Stoic Financial Planning
Wealth is not limited to those who have money.
Rather
Wealth is limited to those who ascend to an excellent moral character.
An excellent moral character is necessary and sufficient for well being.
Many times, it’s common when tragedy occurs we place indifferents on the wrong side of the well-being balance scale.
If we cannot control the event, it does not have the capacity to affect our moral character or well-being.
How could this be?
The common conception of happiness is the combination of many preferred events outside our control such as wealth, good health, good reputation, good job, or an excellent life partner.
These preferred events are supposed to outweigh much of the dispreferred events such as poverty, illness, personal tragedies, etc.
This approach to life will never lead to wellbeing.
Why?
You’re leaving your happiness up to events that are not up to you.
Stoicism teaches us to place all external (this includes preferred and dispreferred indifferents) on the same side of the well-being scale.
Our job regarding events outside our control is not to view them as good or bad, rather, to remain un-swayed in the face of fortune or misfortune.
Viewing your wealth through a stoic lens offers unique insight into what it means to derive meaning.
You cannot control whether your wealth grows with stability at 8%/yr.
You cannot control whether you get cancer and die young.

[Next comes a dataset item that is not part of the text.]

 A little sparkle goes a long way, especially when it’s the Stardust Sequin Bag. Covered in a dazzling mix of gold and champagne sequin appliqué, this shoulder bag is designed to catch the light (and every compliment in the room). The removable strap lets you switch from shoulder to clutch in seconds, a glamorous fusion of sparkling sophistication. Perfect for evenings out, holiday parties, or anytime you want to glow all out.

You cannot control whether others ascent to negative value judgments of you.
You cannot control whether your life partner is not faithful to you.
BUT
You can control your desire to understand & learn.
You can control how you respond to adversity.

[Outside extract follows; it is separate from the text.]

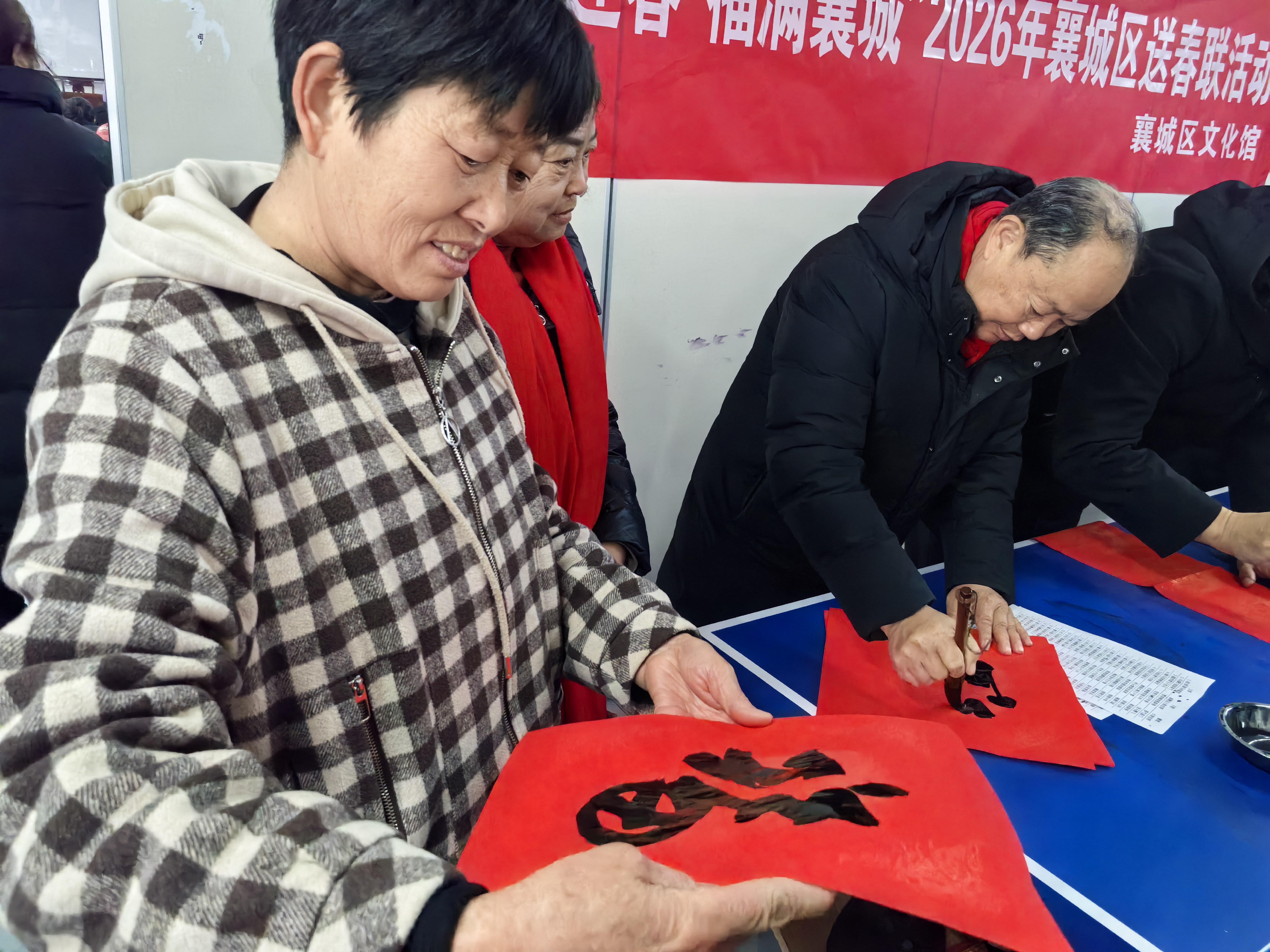 活动中不仅安排了书法家现场挥毫,为村民书写个性化春联,还特别准备了蕴含襄城文化特色的定制春联套装作为新春礼物。一副副饱含祝福的手写春联,一份份精美的文化套装,共同映红了村民的笑脸,将浓浓的年味和暖暖的情谊提前送到乡亲们手中。接下来,我们还将前往欧庙镇、营盘社区继续开展活动,为更多群众送上新春的文化祝福。

You can control refraining from both indulgence and abstinence.
You can control doing the right thing.
This is the essence of a Stoic worldview.

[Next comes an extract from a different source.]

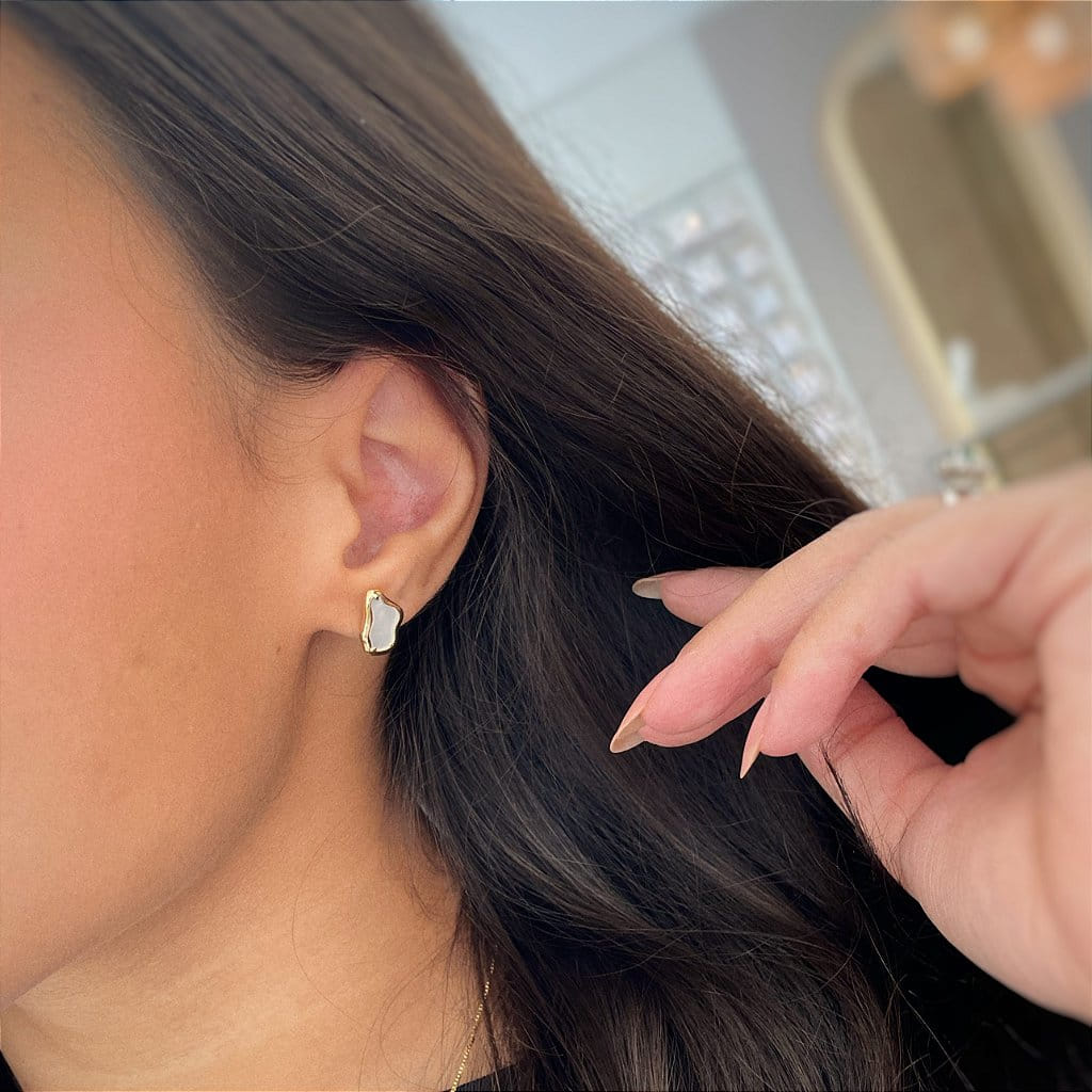 Brinco Orgânico Resina Madrepérola Folheado a ouro 18K

The four virtues - wisdom, temperance, courage, justice are the only things entirely up to us.
These virtues are more than a washing machine for cleansing our impressions and value judgements.
Rather
They are tools to align our actions with an excellent moral character.
When applied to how we perceive and behave around money we may find ourselves less perturbed and more composed relating to our impressions, judgements and actions.
Wisdom
Between things that matter and things you can control are what you should focus your efforts on.
Setbacks and problems are always expected.
But it’s not what impedes you that matters rather it’s how you respond to the impediment that makes the difference.
What stands in the way becomes the way.
Wisdom informs action.
When you understand how stocks and bonds work, you’re less likely to let market volatility get the best of you.
When you understand how to optimize your savings, you’re more likely to save money on taxes.
When you understand how your beliefs around money impact your net worth, you’re less likely to limit yourself from achieving financial independence.
This space creates wisdom’s opportunity.
You can either recognize that space as an opportunity to act in accordance with an excellent character or you can act irrationally with impulse.
Temperance
To have temperance is to have the wisdom of what is essential, and what is not.
You can spend countless hours looking up the best marketing strategy for your business or you can just post a piece of content today and improve over time.
You can spend countless hours researching which stock to buy or you can buy the entire global stock market.
You can worry about not saving enough or you can just start by saving what you can and adjusting it over time.
If a wealth of information creates poverty of attention then poverty of information creates a wealth of attention.
Moderation between extremes is not wanting more but desiring less.
Just as too much abundance softens the mind.
Too much scarcity hardens the soul.
But not just moderation towards material goods, but moderation in harmony and good discipline regardless of pain & pleasure or failure & triumph.
Temperance recognizes the fleeting nature of both happiness and pain and remains indifferent between the two.
Is what you're spending money on necessary?
Courage
Courage is doing what’s right in the face of adversity.
Misfortune presents the best opportunity for courage.
How can you know what you’re capable of if you’re never challenged?
Your work, spouse, school, family and friends will all challenge you.
Will you stand up after being knocked down or roll over?
Your actions speak louder than your words.
It takes courage to not party on the weekends to work on your passion project.
It takes courage to not buy the fancier car to adhere to your personal budget.
How are you displaying courage around your finances?
Justice
How brave is your courage if only in your self-interest?
How impressive is your wisdom if only kept to yourself?
How disciplined is your moderation if only benchmarked to your standards?
Justice is honoring the interconnectedness of the whole.
With your capital, justice is conscious capitalism.
In game theory what’s best for the members is best for the whole.
On a similar note, Marus Aurelius has said, what injuries the hive injures the bee.
If you find yourself with friends you don’t like, an unhealthy family life, or lacking solid financial means, when or where you arrive doesn’t matter as much as who you are when you arrive.
Our strength of character is more important than the particular life situation we find ourselves in.
Regardless of financial means, your character is the one improvement that doesn’t cost you a dime & has endless returns.